Low-Latency Router Microarchitecture for Intra-Chip Networks

R. Mullins, A. West, and S. Moore. "Low-Latency Virtual-Channel Routers for On-Chip Networks." International Symposium on Computer Architecture (ISCA), June 2004.

In lecture, we discussed various non-speculative and speculative techniques to reduce the latency of a virtual-channel router. This paper employs even more sophisticated speculative techniques to reduce the zero-load latency of a virtual-channel router to a single cycle with a short critical path. Students are strongly encouraged to read the earlier HPCA'01 paper by Peh and Dally, since this provides the foundation for the later ISCA'04 paper by Mullins et al. Although this paper is relatively sophisticated, students should now have the background to be able to understand all of the key concepts.
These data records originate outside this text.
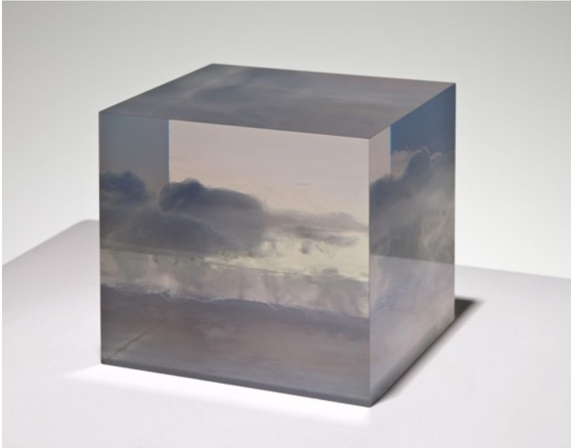
Peter Alexander Small Cloud Box, 1966 polyester resin 5 x 5 x 5 inches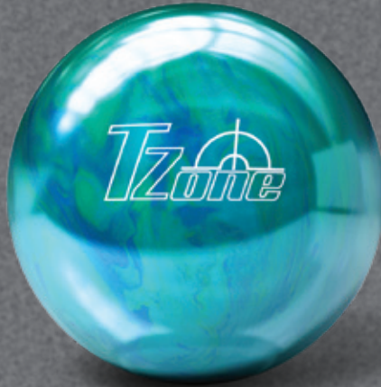
60-105354-93X Caribbean Blue 6, 8-16 lbs.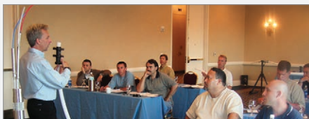
Instructing drilling contractors and consultants on CMT installation techniques at Battelle Bio-Symposium, Baltimore, Maryland.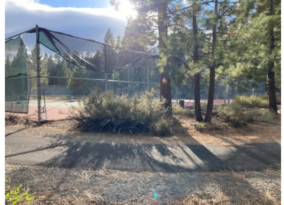
Area adjacent to Pickleball Court to be improved. The Pickleball Court was improved in 2023; but, there was not enough funding to complete the Community Gathering Space at that time.

The project consists of constructing gathering spaces adjacent to the existing tennis and pickleball courts. The project involves concrete curbs, asphalt pavement, pervious pavers, acrylic surfacing, electrical improvements, adding a seat wall, trash enclosure ball backboard, bike racks, interpretive panels, and an art feature from a local artist.

The free virtual-channel queue scheme is more restrictive then a general allocator, but why is this not a problem? Students will probably need to spend some time studying Section 3.3 to fully understanding how the precomputed arbitration scheme is used in the various types of arbiters. For each of the four types of arbiters, carefully consider the authors' rationalization for whether it is "safe" or "unsafe". Is there any issue with using uniform random traffic for this kind of study? What advantage are the authors able to show in their evaluation? The authors estimate a cycle time of 12-FO4. What is the actually achieved cycle time for the final VLSI implementation quoted in their the later ASPDAC'06 paper? What explanation do the authors give for the discrepancy? After reading the primary ISCA'04 paper, students may want to revisit Section 2.1 of the ISCA'07 paper on express virtual channels.